Below are the records; pull every line that includes "with".

Dataset |
↓↓↓
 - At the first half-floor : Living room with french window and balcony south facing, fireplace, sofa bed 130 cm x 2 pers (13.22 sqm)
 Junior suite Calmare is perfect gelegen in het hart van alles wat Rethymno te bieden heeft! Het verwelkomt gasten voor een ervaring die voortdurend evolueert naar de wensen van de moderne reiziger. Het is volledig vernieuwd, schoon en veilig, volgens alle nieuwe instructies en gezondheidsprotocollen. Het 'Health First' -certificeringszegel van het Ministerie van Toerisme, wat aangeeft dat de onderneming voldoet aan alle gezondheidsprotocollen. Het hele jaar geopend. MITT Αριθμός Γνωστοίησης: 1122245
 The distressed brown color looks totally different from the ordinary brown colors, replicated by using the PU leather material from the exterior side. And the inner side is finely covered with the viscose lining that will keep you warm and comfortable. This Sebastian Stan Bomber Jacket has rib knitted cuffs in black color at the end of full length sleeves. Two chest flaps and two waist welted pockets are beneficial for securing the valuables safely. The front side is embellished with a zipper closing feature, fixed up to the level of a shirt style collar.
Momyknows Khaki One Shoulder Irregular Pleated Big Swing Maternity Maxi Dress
↑↑↑
↓↓↓
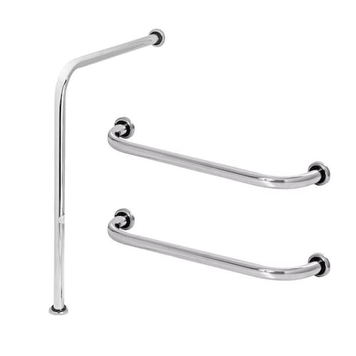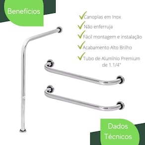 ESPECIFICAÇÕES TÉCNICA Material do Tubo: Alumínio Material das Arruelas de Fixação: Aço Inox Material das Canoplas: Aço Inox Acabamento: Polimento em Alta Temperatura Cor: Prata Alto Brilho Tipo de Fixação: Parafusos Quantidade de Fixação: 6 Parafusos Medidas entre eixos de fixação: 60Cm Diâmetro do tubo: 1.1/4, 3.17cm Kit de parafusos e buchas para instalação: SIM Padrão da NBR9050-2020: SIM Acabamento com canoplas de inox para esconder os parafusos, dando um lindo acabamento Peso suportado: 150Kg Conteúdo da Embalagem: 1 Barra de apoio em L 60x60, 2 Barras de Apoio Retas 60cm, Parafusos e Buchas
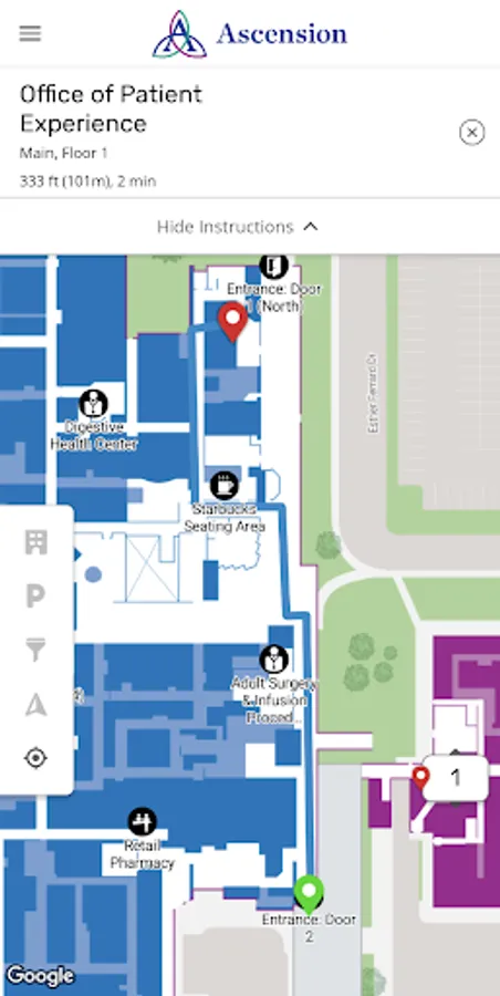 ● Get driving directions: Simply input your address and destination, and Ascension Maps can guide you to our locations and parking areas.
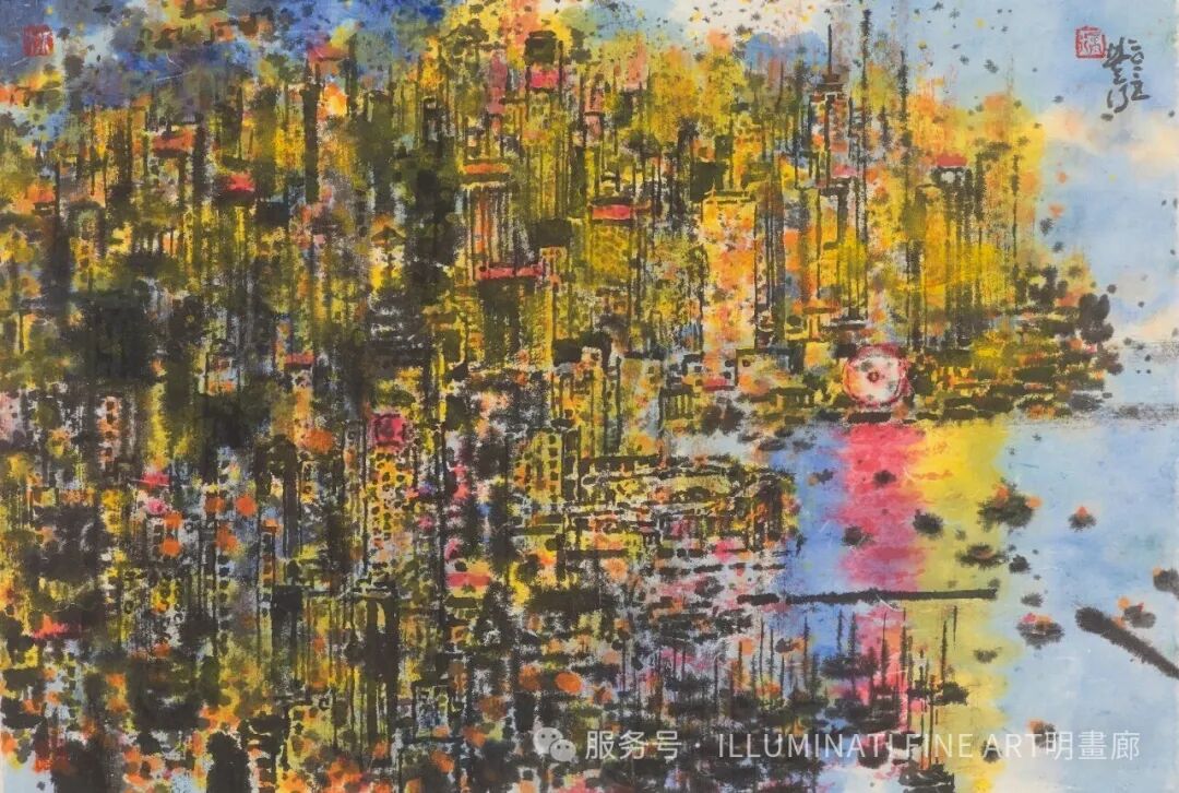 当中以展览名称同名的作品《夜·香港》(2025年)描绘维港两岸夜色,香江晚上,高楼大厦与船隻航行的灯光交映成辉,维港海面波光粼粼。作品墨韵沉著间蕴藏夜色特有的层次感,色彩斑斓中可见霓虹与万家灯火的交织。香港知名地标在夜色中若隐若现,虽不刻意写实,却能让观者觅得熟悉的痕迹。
↑↑↑
Response |
 - At the first half-floor : Living room with french window and balcony south facing, fireplace, sofa bed 130 cm x 2 pers (13.22 sqm)
 The distressed brown color looks totally different from the ordinary brown colors, replicated by using the PU leather material from the exterior side. And the inner side is finely covered with the viscose lining that will keep you warm and comfortable. This Sebastian Stan Bomber Jacket has rib knitted cuffs in black color at the end of full length sleeves. Two chest flaps and two waist welted pockets are beneficial for securing the valuables safely. The front side is embellished with a zipper closing feature, fixed up to the level of a shirt style collar.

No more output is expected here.